When he tells her, for a moment he can't be sure if the hitch in her breath is fury or arousal. With his wife, there's not always a noticeable difference. But then her perfect mouth curls into a self-satisfied smile and his own breathing can ease. 

“What a rival.” She's practically preening. “The only woman in New York I can't beat, George.” 

“Are there any other women in New York? I hadn't noticed.” And he means it. 

She kisses him again, leaning down to suck on his bottom lip in a manner he can only describe as lascivious, and he's buried so deeply inside her that it's a constant struggle to stop his brain shorting out. 

“We should be in bed,” he groans. “I want to press you into the mattress and-” 

“But if we were in bed, you couldn't admire your other lover so well.” Oh, Bertha is far too pleased with herself. And yet, she's never going to come close to how pleased he is with her. He'd get a portrait for every room of the house, his wife in a different dress, a different pose, something to entrance him wherever he was, every moment that he had to be without her. 

“I could admire my lover perfectly well,” he insists, his hands tight on her hips. “My only lover.” 
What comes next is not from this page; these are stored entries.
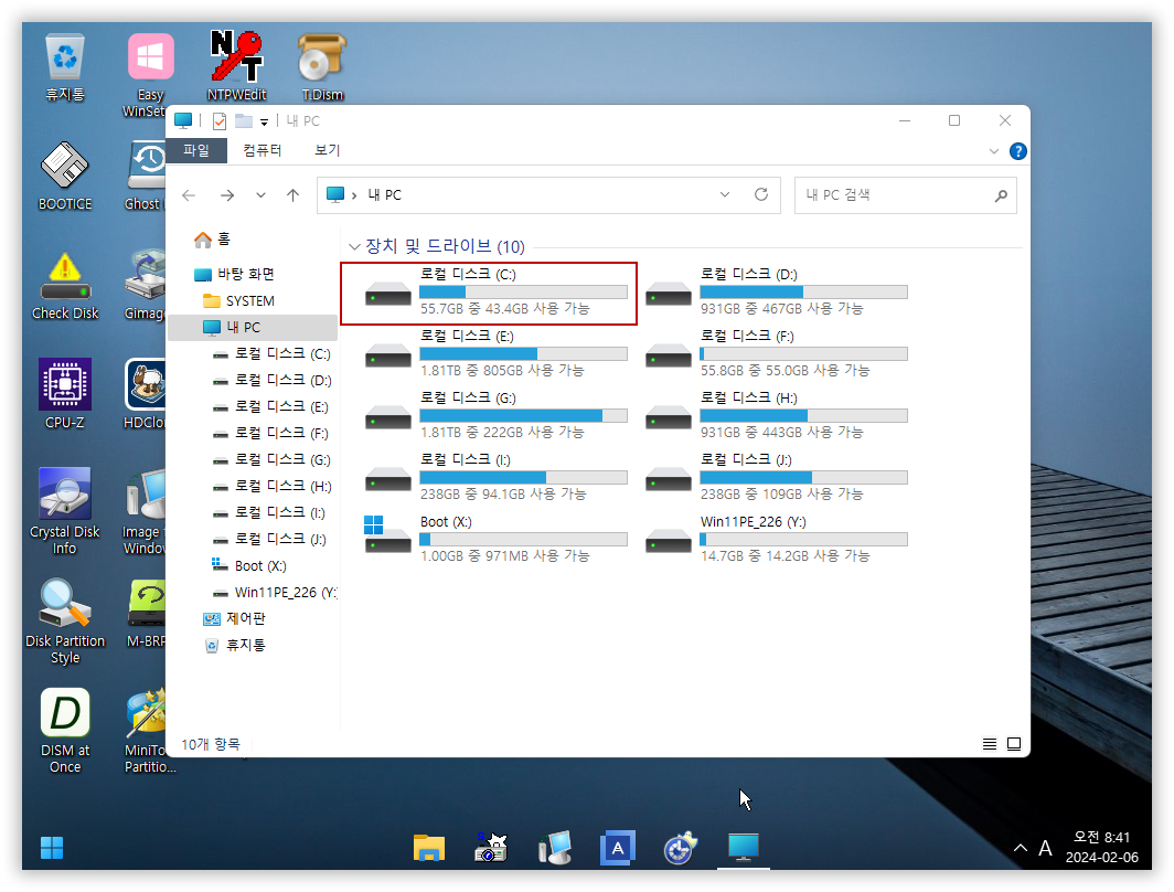 2) 설치하고 나서 PE로 부팅하면 Windows가 설치된 파티션은 드라이브 문자가 할당되어 있지도 않구요
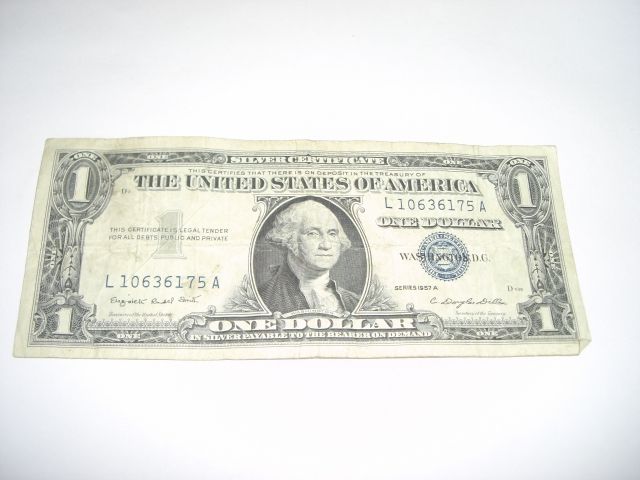 1957 SERIES A $1 SILVER CERTIFICATE *SERIAL #L10636175A*!! ***Coin, Currency & All Items Listed in this auction - Grades, Conditions and Values are not Safe Deposit Coins LLC Responsibilty. Grades, Condition and Values are determined by Consigner(s) & Buyers ONLY***
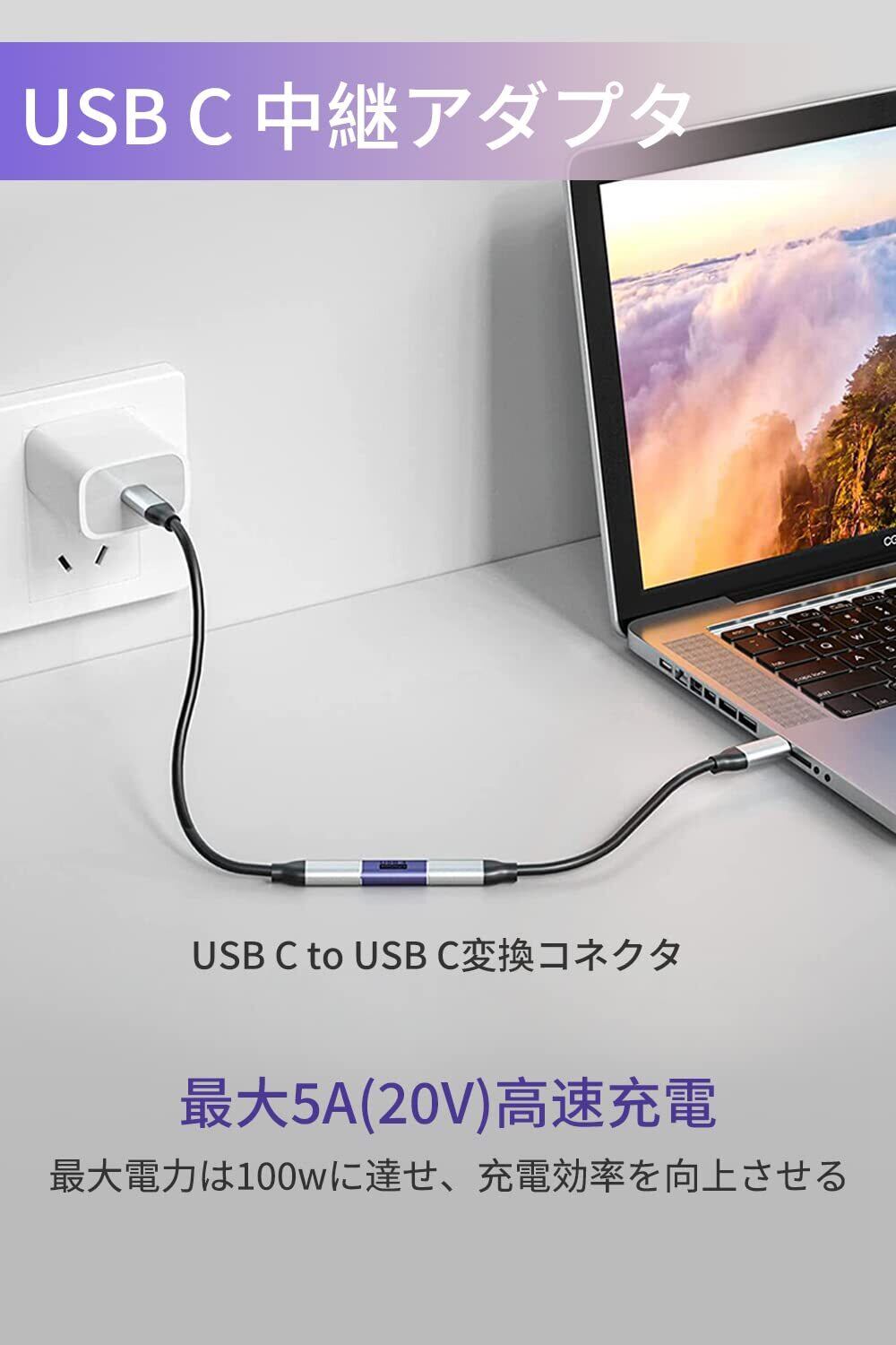 YFFSFDC USB C 中継アダプタ メス to メス USB Type C 延長アダプタ【40Gbps高速データ転送&100W/5A急速充電& 8K@60Hz映像出力】タイプ USB-C Type C 延長コネクタ USB4メス 延長コード 2個セット 中継器の両端はtype-c to type-c線の使用のみをサポートしている
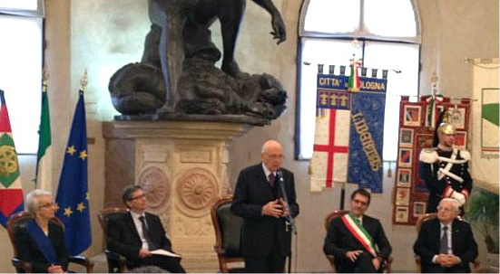 Ascolta e scarica gli interventi del Sindaco di Bologna Virginio Merola, della Presidente della Provincia di Bologna Beatrice Draghetti, del Presidente della Regione Emilia-Romagna e del Presidente della Repubblica Giorgio Napolitano.
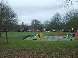 The park has an area of about 6 hectares (15 acres). It was formerly the site of Old Buffery Colliery; it was purchased from M & W Grazebrook in 1891, and opened in 1893 with a range of recreational facilities. The garden was maintained by council staff. For many years there was a conservatory, or Glass Pavilion; there were four tennis courts, a cycle track, a bowling green and a putting pitch.[1][2][3]
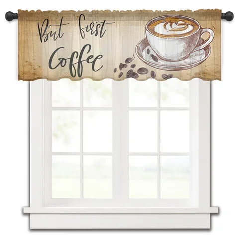 Coffee Coffee Beans Retro Short Tulle Curtain Bedroom Sheer Window Screening Drapes for Kitchen Living Room Decor Voile Curtains
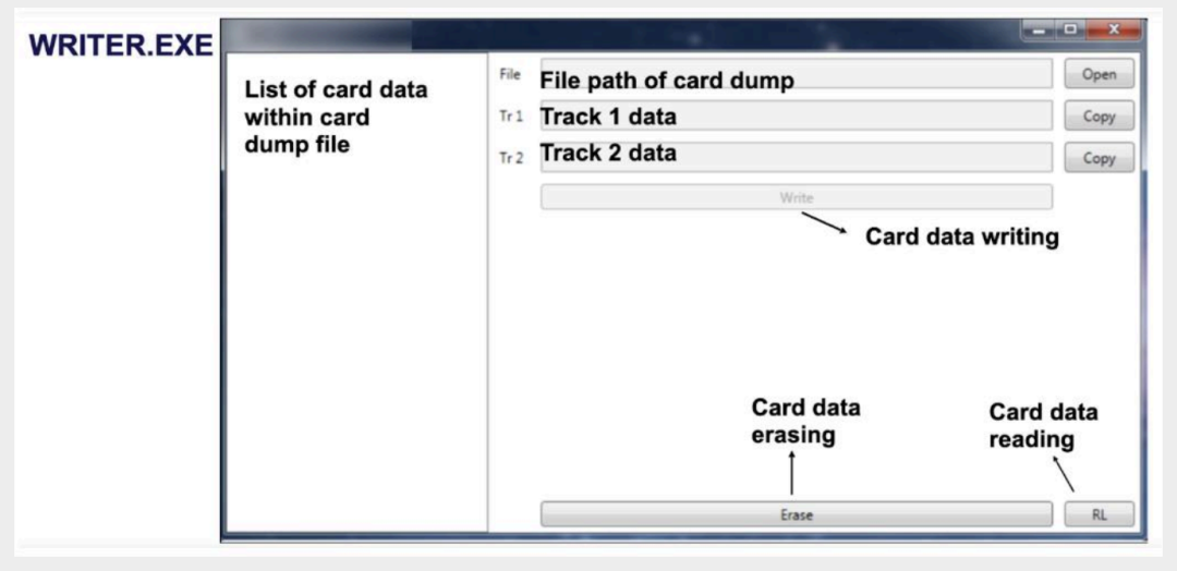 - 克隆卡制作团伙事先从妥协的主机(通常是 ATM 交换服务器或数据库节点)导出磁道数据(Track1/Track2)及对应卡号、到期日、CVV。使用 MSR606/MSRX6 等磁卡读写器批量写入空白磁条卡。芯片卡情况下,同时写入从 WINGHOOK/SLAPSTICK 窃取的完整芯片数据(包括用于生成 ARQC 的会话密钥)。每名骡子携带的卡包通常包含 80-200 张不同 BIN 段的卡,用于连续试错。
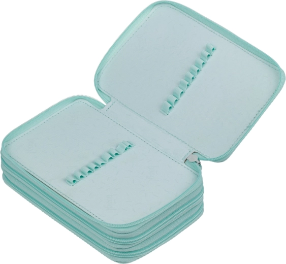 Tri ločeni predelki zagotavljajo dovolj prostora za vse pisalne pripomočke in dodatke. Pregledna razporeditev prihrani čas vsak šolski dan.
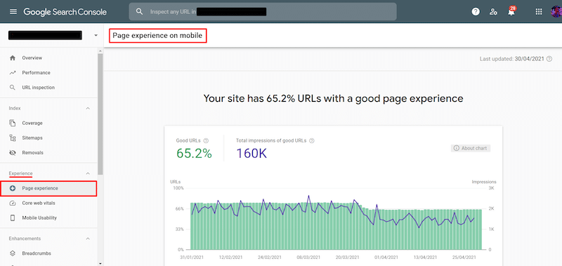 - Google Search Console – a web service created by Google that allows you to check the indexing status of your site, the search queries, and crawling errors. It identifies the technical issues that may prevent websites from being visible at their best. From Search Console, you can keep track of the performance related to the Page Experience (part of Google’s ranking algorithm) and the Core Web Vitals.
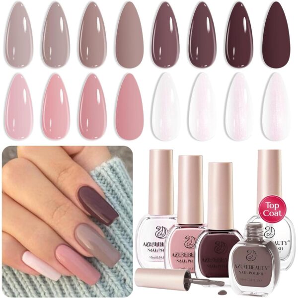 AZUREBEAUTY 指甲油套装 4 色棕色粉色亮片指甲油 -50%
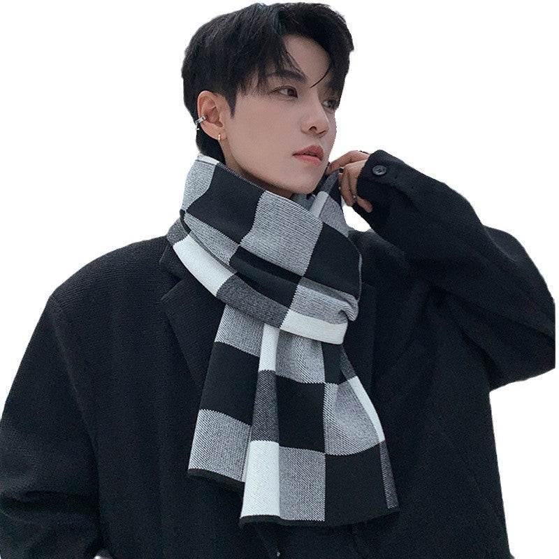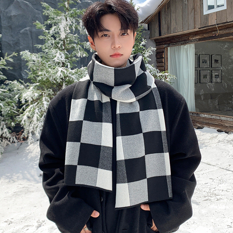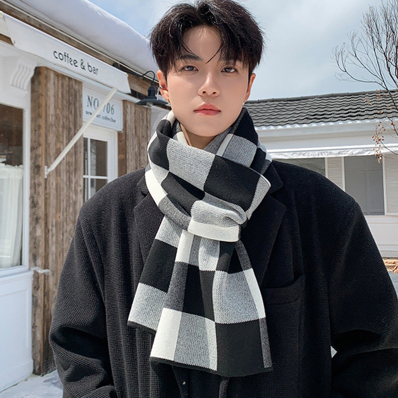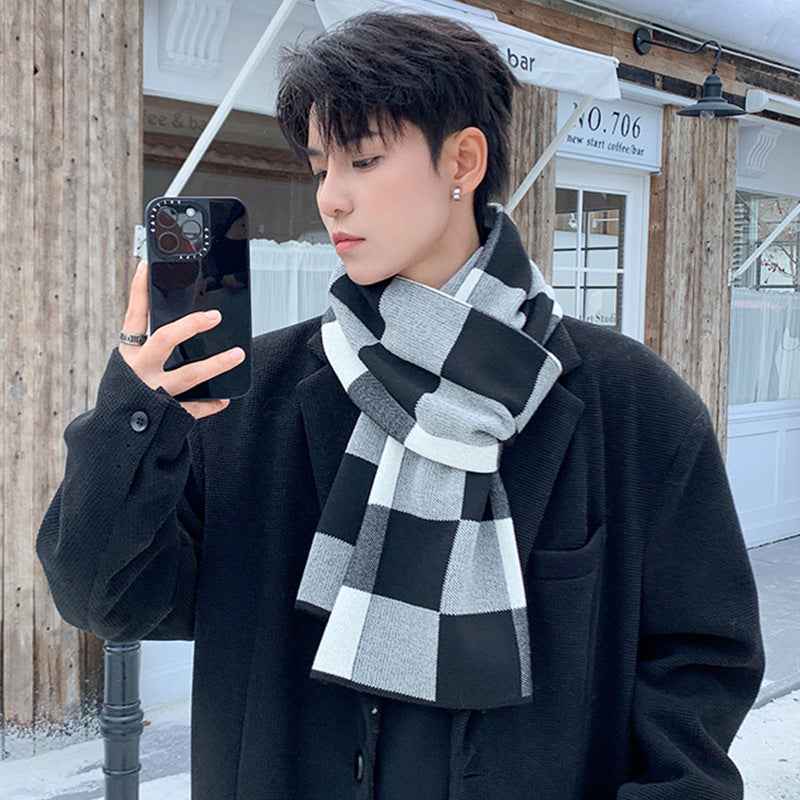 Stay cozy and on-trend with this men’s plaid knitted scarf, a stylish accessory that blends warmth and fashion. The double-sided plaid pattern makes it versatile for different outfits, from casual to Korean-inspired streetwear.
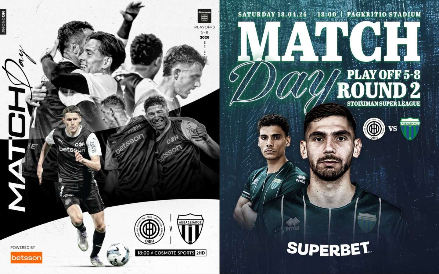 Μπορεί να είναι εικόνα φούτμπολ και κείμενο που λέει "SATURDAY 18. 18.04.26 18:001 PAGKRITIO STADIUM STARTING ജസ്ാൽസ PLAYOFT5-8 PLAY ROUND2 2| STOIXIMAN SUPER LEAGUE STARTERS LODYGIN .TSAPRAS VIHOS TSIVELEKIDIS LIAGKAS COKAJ KOSTI BALZI VERBIC PALACIOS OZBOLT BENCH ANACKER ·KORNEZOS LAYOUS NIKAS MANTHATIS PEDROZO LAMARANA SYMELIDIS MAGNUSSON OZEGOVIC PAPADOPOULOS GKOUMAS ΛΕΒΑΔΕΙΑΚΟΣ VS OФH SUPERBET 124"
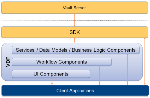 The diagram below shows how the VDF relates to the Vault Server and your client applications.

He'd tumbled a girl or two before he met Bertha, but those memories are practically nonexistent now and he'd certainly never loved them. She's it, she's everything. All he wants. 

“And you can't here? You're getting distracted?” She squeezes around him again, drawing a noise from him that he'd never want anyone else to hear. That nobody else has earned the right to hear. “By her?”

“She… it's you, my darling, she's you, only you…” 

He can say it a thousand times, it won't be enough. He needs to be sure she knows. Certainly, he loves the picture, as one facet of the real woman he adores more than anything. But nothing can ever make him feel the way that Bertha does. Magnificent as it is, paint and canvas could never capture the way she breathes when his tongue touches the skin just above her collarbone, the flutter of her eyelashes when he first buries himself inside her, even the pink flush of her chest as she gets closer and closer to her peak. Of course, if anyone saw her like that, even in order to paint it for him, he would have to have them killed. Painfully. Unlike the portrait, that vision of Bertha is just for him.